Data Guide

Navigating the world of data requires a grasp of its three pivotal stages: collection, processing, and presentation. Our guide offers a concise overview, taking you from gathering raw data to refining and presenting it in a comprehensible manner. Ideal for both beginners and seasoned practitioners, this guide sharpens your understanding of effective data management.

Data Collection

  • For every experiment you conduct, record the data in a dedicated row.

  • Ensure that the organization of your raw data remains simple. This will facilitate smoother processing later on.

Raw data collection

Sample screenshot of raw data

Data Processing

Derived Fields:

After collecting your data, and before moving on to pivot tables, you might need to generate additional fields (columns). This is especially useful when you want to perform computations based on the existing data fields.

  • For instance, if you have columns “Price” and “Quantity”, you can derive a new field “Total” by multiplying these two.

Compute derived fields

Sample screenshot of added derived fields computed from raw data. The “Speed Up” field is calculated by dividing the “Serial Time” by the “Parallel Time”.

Generating Views with Pivot Tables

  • Use pivot tables to generate a structured view of your data.

  • The generated tables are ready for plotting and analysis.

  • Organize your pivot table in the following manner:
    • Rows: Contains the variables you want to study. It will be the X-axis in your plot.

    • Columns: This is where you separate out the different conditions or variations of your experiment. It will be the series in your plot.

    • Cell Data: These are the results or observations from your experiment. They will be the Y-axis in your plot.

Sample screenshot of a pivot table

Sample screenshot of a pivot table.

Plotting Your Data:

  • In the typical plot generation process in software like Google Sheets, Microsoft Excel, etc:

    • X-axis: Rows in the pivot table.

    • Y-axis: Columns in the pivot table.

    • Legend: Represents the different series in the plot.

  • With the structured data format (as mentioned in the pivot table section), several tools can be utilized to visualize the results:

    • Google Sheets: Offers native support for creating various types of charts and plots.

    • Microsoft Excel: Provides a wide range of chart types for data.

    • Python Libraries:

      • Matplotlib: A basic, yet powerful, plotting library.
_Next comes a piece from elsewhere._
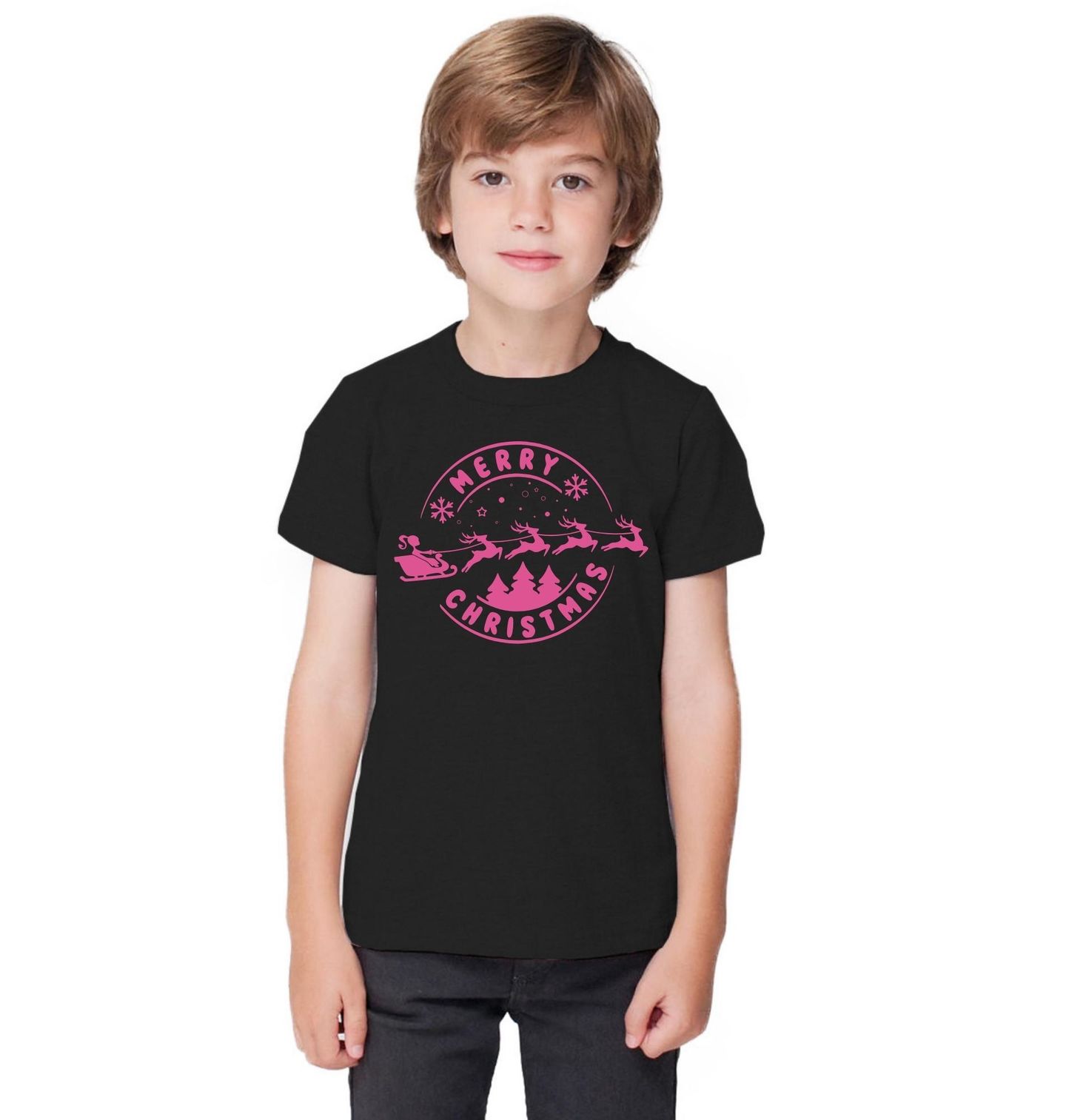 Dětské tričko Santova Žena na Saních. Stylový a originální motiv pro milovníky Vánoc a originality! Tento design zobrazuje siluetu dívky v saních tažených čtyřmi soby, pod noční vánoční oblohou plnou vloček a hvězd. Nápis „Merry Christmas“ doplňuje kouzelnou atmosféru. Ideální pro každou ženu, která miluje Vánoce.

      • Seaborn: Built on top of Matplotlib, it provides a higher-level interface for drawing attractive and informative statistical graphics.

      • Pandas: Primarily a data manipulation library, but has plotting capabilities built on Matplotlib.

Sample plot from Google Sheets

Sample plots from Google Sheets on the efficiency of parallel algorithms for different input sizes and number of processors.

Warning

Never make your numerical data employed as strings in your plots. It will make the axis out of scale. For example, if you have a column of numbers, and you want to plot them, you should first convert them to numbers. Otherwise, the plot will be wrong.

Key Takeaways

  • Keep your raw data structure simple and organized.

  • Don’t hesitate to derive new fields from existing data, especially if they provide new insights or simplify further processing.

  • Pivot tables are invaluable tools for creating structured data views, making data visualization significantly easier.

  • Multiple tools are available for data visualization; choose the one that best fits your needs.